Во время этой речи, взоры Клейтона случайно остановились на Гарри, который стоял против него и слушал, затаив дыхание. Клейтон замечал, как лицо Гарри с каждым словом становилось бледнее и бледнее, брови хмурились и темно-синие глаза принимали какое-то дикое, особенное выражение. Никогда ещё Клейтон не представлял себе так сильно всех ужасов невольничества, как теперь, когда с таким спокойствием исчисляли их в присутствии человека, в сердце которого каждое слово западало и впивалось, как стрела, напитанная ядом. Голос судьи Клейтона был бесстрастен, звучен и рассчитан; торжественная, спокойная, неизменяемая выразительность его слов представляла предмет в более мрачном виде. Среди наступившей могильной тишины, Клейтон встал и попросил позволения сказать несколько слов относительно решения. Его отец казался слегка изумлённым; между судьями началось движение. Но любопытство, быть может, более всех других причин заставило суд изъявить согласие.
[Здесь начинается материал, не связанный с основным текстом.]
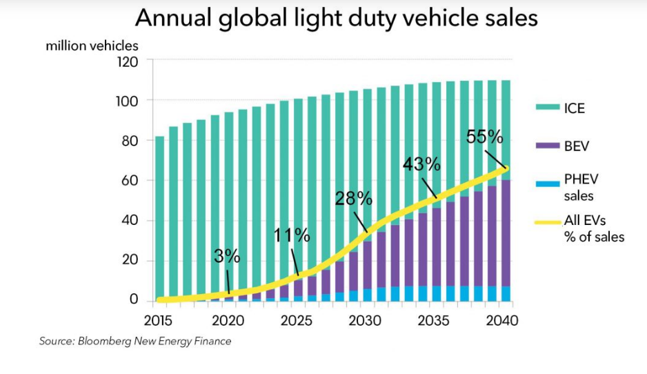 Очікується, що в 2040 році 80% світового муніципального парку будуть електричними. У другій половині 2020-х років електрифікація автомобільного транспорту досягне високої швидкості завдяки зниженню вартості батареї та масштабному виробництву: продажі електромобілів становлять 28%, а електробусів – 84%. відповідних світових ринках до 2030 року.

-- Надеюсь, -- сказал Клейтон, -- никто не вменит мне в неуважение к суду, никто не сочтёт за дерзость, если скажу, что только сегодня я узнал истинный характер закона о невольничестве и свойство этого установления. До этого я льстил себя надеждою, что закон о невольничестве имел охранительный характер, что это был закон, по которому сильное племя обязано заботиться о пользе и просвещении слабого,-- по которому сильный обязан защищать беззащитного. Надежда моя не осуществилась. Теперь я слишком ясно вижу назначение и цель этого закона. Поэтому, как христианин, я не могу заниматься им в невольническом штате. Я оставляю профессию, которой намеревался посвятить себя, и навсегда слагаю с себя звание адвоката в моём родном штате.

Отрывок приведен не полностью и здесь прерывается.